Впервые меня привел в этот сквер Вовка. Снова была осень, мы бродили по скверу, где всюду лежали яркие осенние листья, а среди полуосыпавшихся кленов и лип, уже слегка оседая в землю, замерли чудовища. Жабья маскировочная окраска делала их еще более похожими на зверей: орудие с коротким задранным вверх стволом напоминало вместе с лафетом вставшего на задние ноги медведя, полевая пушка с расставленными широко колесами и длинным тонким хоботом выглядела огромным насекомым, башни пятнистых танков были как змеиные головы, только без шей. Что-то вроде железного зоопарка. Вовка, который уже был здесь без меня, торопил.
— Идем, идем, — говорил он. — Там еще знаешь сколько!
А я смотрел цепенея. Вот папа выглядывает из окопа, а на него, подминая проволочные заграждения, ползет, скрежеща гусеницами, такая стальная жаба… Я знал, что папа был врачом, но он погиб на войне, а к тому времени я видел уже много военных фильмов. На войне умирали, сражаясь, значит, сражался и мой папа… Из рябящей листвы на меня надвигались морды немецких танков. Я по ним целился. Вовка стоял сзади. Он ничего не говорил и только, когда я к нему повернулся, пошел, глядя в землю, со мной рядом. Вдруг он остановился.
— Знаешь что… Знаешь… Пусть он тебя к нам берет. Или… меня пусть вам отдаст.
Вечером он то же самое сказал Марии Дмитриевне. Она сняла свое чеховское пенсне и долго его протирала.
— Я бывал в том переулке, — сказал я старпому.
А залив тем временем еще больше потемнел, и чайки за кормой, их осталось совсем мало, порозовели, словно покрытые новогодней глазурью. Лица пассажиров на палубе приобрели красноватый оттенок, как на плохо проявленной цветной пленке. Солнце уходило за горизонт.

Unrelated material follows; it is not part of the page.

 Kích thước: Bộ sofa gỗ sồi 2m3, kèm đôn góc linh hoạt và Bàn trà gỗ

Гогланд оставался позади — от сосен он казался совсем черным, и одинокий маяк на берегу лишь усиливал ощущение, что остров совершенно безлюден.

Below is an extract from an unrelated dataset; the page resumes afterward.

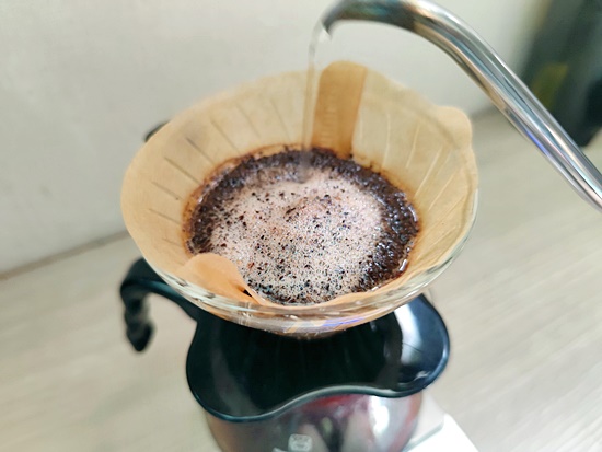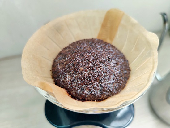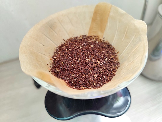 원두를 드립크기로 분쇄하여 린싱을 마친 종이필터에 붓습니다.

А потом я лежал в своей каюте и думал, что всего в нескольких десятках метров от меня находится Настя, наверно, она тоже сейчас не спит, и ей слышен, так же как и мне, и наш короткий гудок встречному судну, и легкое покачивание — видно, встречное судно идет на хорошей скорости.
Неужели все эти два года она плавает? — думал я. Плавает, а я этого не знаю? Ее, конечно, можно было найти в любом случае, уплыла она или улетела, — в наши дни человек не исчезает бесследно, как бы, может, он сам того ни хотел, а уж тут-то случай простой, я разыскал бы ее за неделю. Но она оставила мне письмо, в котором написала, что уезжает на языковые курсы и просит ее не искать. Языковые курсы! Какие еще курсы после университета? И я решил, что она полюбила, и уехала с ним или к нему, и в новой своей жизни ей не нужен я, как тень ее прошлого.